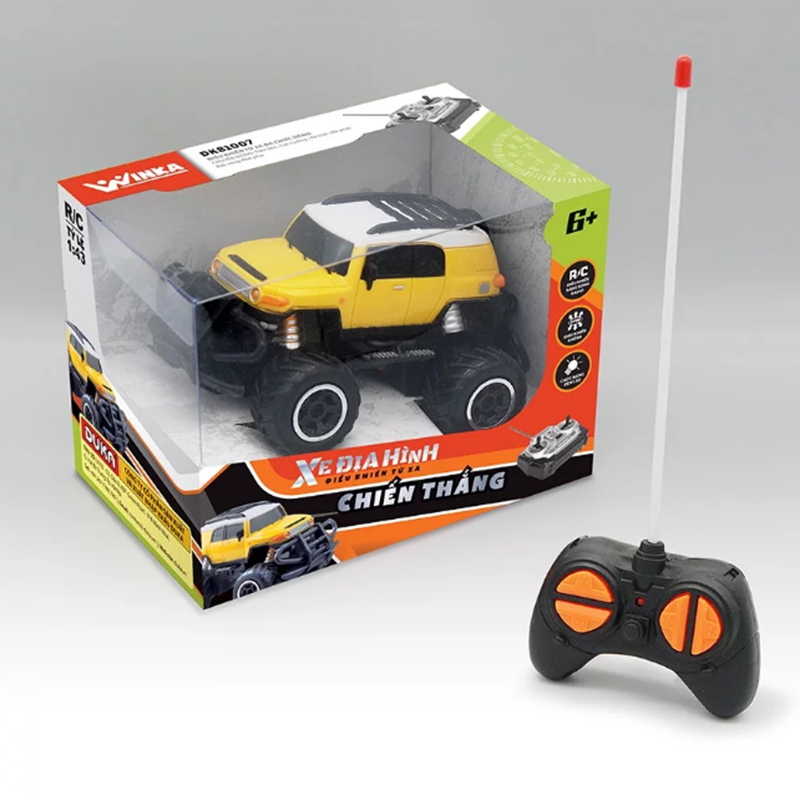 Đồ chơi xe địa hình điều khiển từ xa - Chiến Thắng DK81007 với bánh xe to nên bé có thể điều khiển dễ dàng để vượt qua các địa hình mấp mô. Kiểu xe địa hình với hệ thống R/C dễ điều khiển, bé có thể chơi trò đua xe, vượt chướng ngại vật cùng bạn bè.
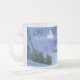 A 3D fantasy landscape full of shimmering snow and magical fairy lights. A row of silvery shining lamps lights the trail through a snowy mountain pass hemmed in by steep rocky cliffs. The sparkling snow-covered path is hemmed in by dark fir trees. On the far side of the cleft a translucent glowing fairy castle awaits the enchanted traveler on his journey to fairyland.
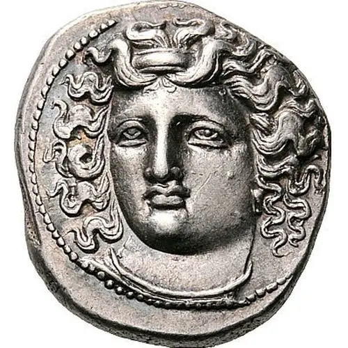 | توضیحات روی سکه | Head of the nymph Larissa facing, turned slightly to the left, wearing ampyx, pendant earring, and simple necklace |
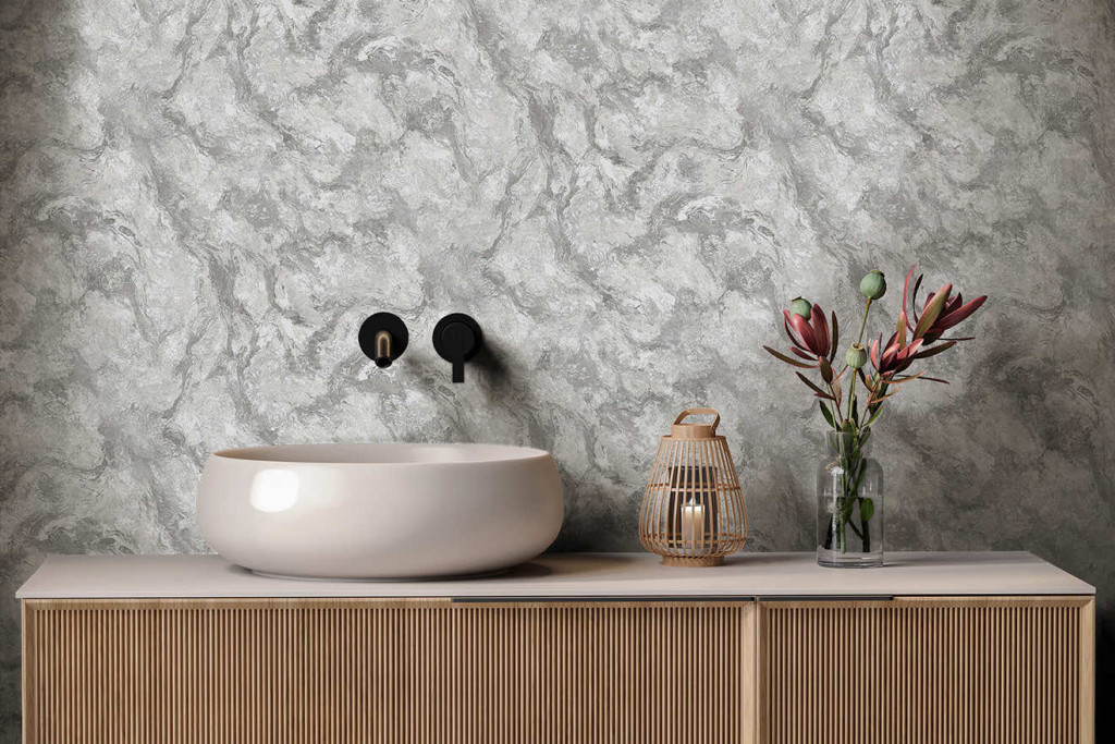 Szürke ezüst márvány mintás dekor vinyl tapéta
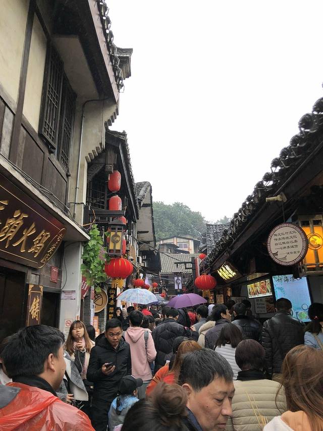 磁器口古镇,人头串动,保留着旧时的建筑。这里繁华依旧,似乎让人想到当年就是这样一个码头,从早到晚,过往商旅川流不息。当年流传一首民谣:"白日里千人拱手,入夜后万盏明灯。""千人拱手是形容每天都来上千只船上的船公划着船向码头停靠。""万盏明灯"是指形容码头上商贾云集,入夜后各自点亮油壶、电石灯、汽灯,经江水一漾,亮光炅炅,如星辰闪烁。
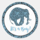 Um elefante damasco exótico em tons de azul sobre preto com o texto moderno anunciando "É um menino!". Se preferir adicionar seu próprio texto a este adesivo, escolha o botão "Personalizar" e exclua a imagem "É um garoto!" e insira seu próprio texto personalizado. Consulte o convite de chá de fraldas correspondente aqui:
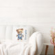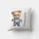 Un adorable ours en peluche mignon et habillé en tenue bleue sur cet oreiller à jetons pour bébé en pépinière. Personnalisez-le avec le nom du bébé ou tout texte.

#### TASK TO COMPLETE:
Using the data above, retype exactly and only the lines from the one containing "A 3D fantasy" up to and including the one containing "磁器口古镇,人头串动,保留着", with no pictures carried over.

#### ANSWER SPACE:
 A 3D fantasy landscape full of shimmering snow and magical fairy lights. A row of silvery shining lamps lights the trail through a snowy mountain pass hemmed in by steep rocky cliffs. The sparkling snow-covered path is hemmed in by dark fir trees. On the far side of the cleft a translucent glowing fairy castle awaits the enchanted traveler on his journey to fairyland.
 | توضیحات روی سکه | Head of the nymph Larissa facing, turned slightly to the left, wearing ampyx, pendant earring, and simple necklace |
 Szürke ezüst márvány mintás dekor vinyl tapéta
 磁器口古镇,人头串动,保留着旧时的建筑。这里繁华依旧,似乎让人想到当年就是这样一个码头,从早到晚,过往商旅川流不息。当年流传一首民谣:"白日里千人拱手,入夜后万盏明灯。""千人拱手是形容每天都来上千只船上的船公划着船向码头停靠。""万盏明灯"是指形容码头上商贾云集,入夜后各自点亮油壶、电石灯、汽灯,经江水一漾,亮光炅炅,如星辰闪烁。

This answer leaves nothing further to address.